Последние часы. Книга II. Железная цепь - Клэр Кассандра - Страница 29
- Предыдущая
- 29/40
- Следующая
– Все легенды – правда, – напомнила она. – Так вот, среди прочих в «Шахнаме» есть история о двух принцах, их звали Гав и Талханд. Талханд пал в битве, но когда его тело нашли, на нем не обнаружили даже царапины. Царица, его мать, лишилась рассудка от горя и обвинила Гава в том, что он отравил брата, ведь как может воин умереть на поле боя, не получив ни единой раны?
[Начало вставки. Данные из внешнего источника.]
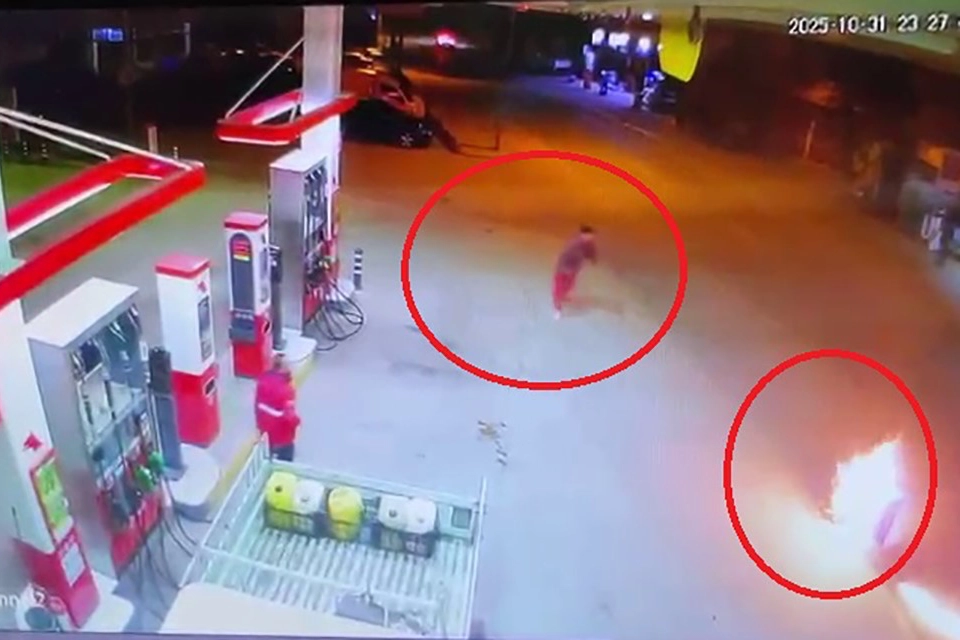 Korku dolu anlar, akaryakıt istasyonunun güvenlik kamerasına saniye saniye yansıdı.
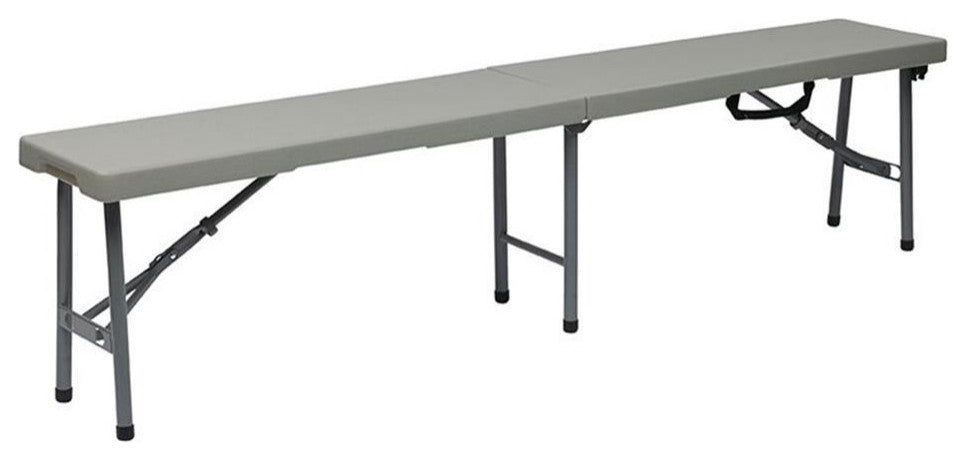 6'' Light Gray Resin Fold in Half Bench Powder Coated Tubular FrameFind the extra seating for family BBQs, sporting events, or even the workplace with this multi-purpose folding bench. You"™ll find this practical bench boasts a high-quality steel tube frame built for long-lasting use and lightweight portability. Other features include non-marring foot caps to protect floors from scratches, a carrying handle, and a folding center for easy storage and transportation. The quality resin surface is waterproof and easy to clean; offering both impact and scratch resistance. Ideal for both indoor and outdoor use, this utility bench arrives fully assembled and ready to go for your next social gatheringFeatures: • 6 foot Fold in Half Bench • Durable Construction • Light Weight Sleek Design • Powder Coated Tubular Frame • Ideal for Indoor or Outdoor Use • Meets or Exceeds Test Standards (BIFMA and MTL)Specifications: • Product Dimensions: 17.5" H x 72.5" W x 12" D • Product Weight: 20 lbs. • Assembly Required: No • Weight Capacity: 225 lbs
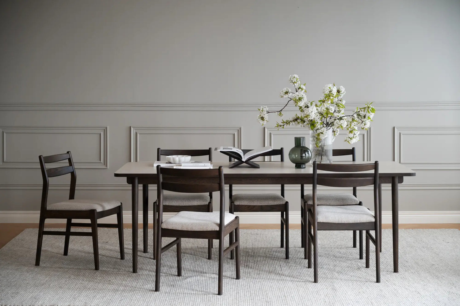 Fairmount spisebord er også svært fleksibelt og enkelt å tilpasse. Med én eller to ileggsplater på 45 × 95 cm kan bordet forlenges til 265 eller hele 310 cm, noe som gir god plass til både familie og gjester.
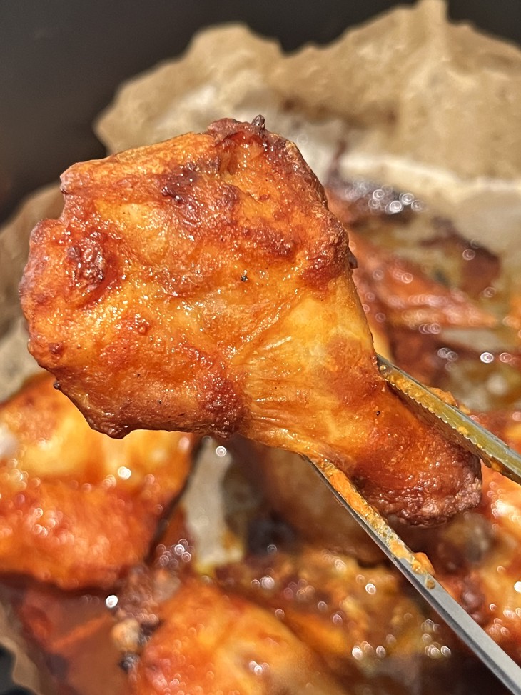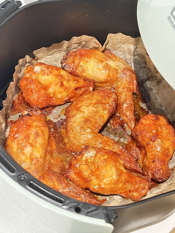 汁汁烤翅拆袋倒入炸锅,200度18分钟左右,中途翻一次面,搞定👌!!
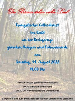 Am 14. August feiern wir einen Kirchspielgottesdienst im Wald. Der Gottesdienstplatz liegt in der Nähe der Kreisgrenze zwischen Mengers und Erdmannrode. Ein Hinweis ist von der Landstraße aus zu sehen. Zwei Wandergruppen starten um 10.30 Uhr in Branders und am Friedhof in Erdmannrode. In der Nähe des Gottesdienstplatzes gibt es auch ein paar Parkplätze, die man denjenigen vorbehalten sollte, die nicht weit laufen können. Der Gottesdienst im Freien kann auch Anlass für eine Fahrradtour sein. Er beginnt ca. 11.00 Uhr. Der Posaunenchor Erdmannrode gestaltet ihn musikalisch. Im Gottesdienst werden zwei Kinder getauft.
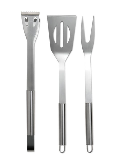 3 részes rozsdamentes acél grillező eszköz készlet. 600D poliészter cipzáras tokban.
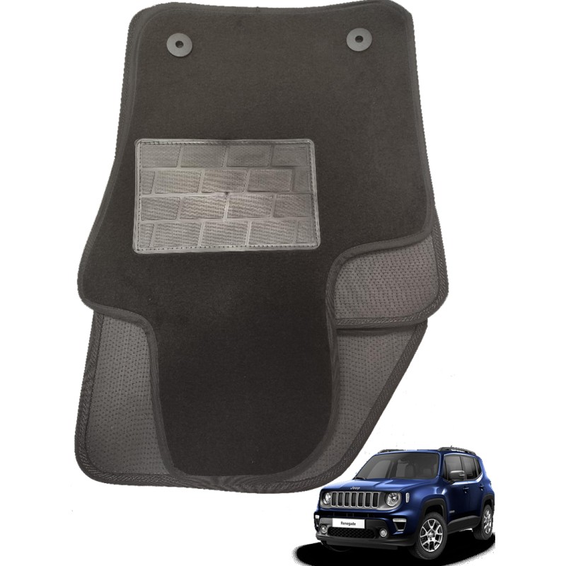 Serie completa di tappeti in moquette made in italy. provvisti sul lato guida, nell'area sotto i pedali, di un elegante battitacco in gomma di rinforzo che protegge i tappeti dall'abrasione costante dei tacchi. Al fine di renderli più stabili e sicuri oltre al fondo ruvido con caratteristiche antislittamento viene applicato su tutto il perimetro inferiore dei tappeti un profilo in velcro brevettato che si aggrappa al pianale in moquette dell'auto.
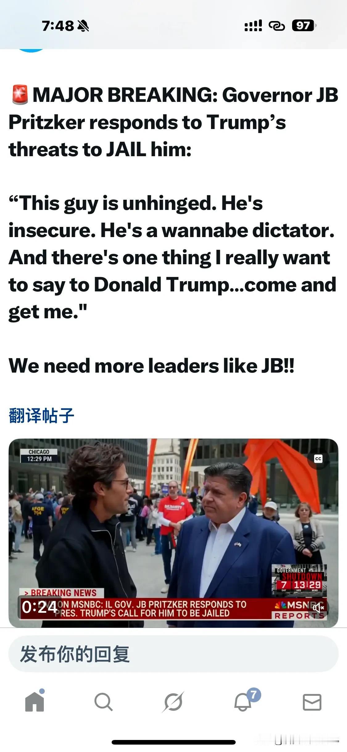 重大突发事件:州长JB普利兹克回应川普威胁要把他关进监狱: “这家伙精神失常,

Для того чтобы убедить царицу в том, что она ошибается, придворные мудрецы изобрели игру в шахматы и, передвигая фигуры по доске, показали ей, как разворачивалась битва. Талханд, окруженный врагами, просто умер от истощения. Отсюда и название игры, которое в переводе означает «король мертв». – Корделия проворно протянула руку к доске и сделала ход, который планировала почти с самого начала, классический эполетный мат. – Итак, король мертв. Другими словами, шах и мат.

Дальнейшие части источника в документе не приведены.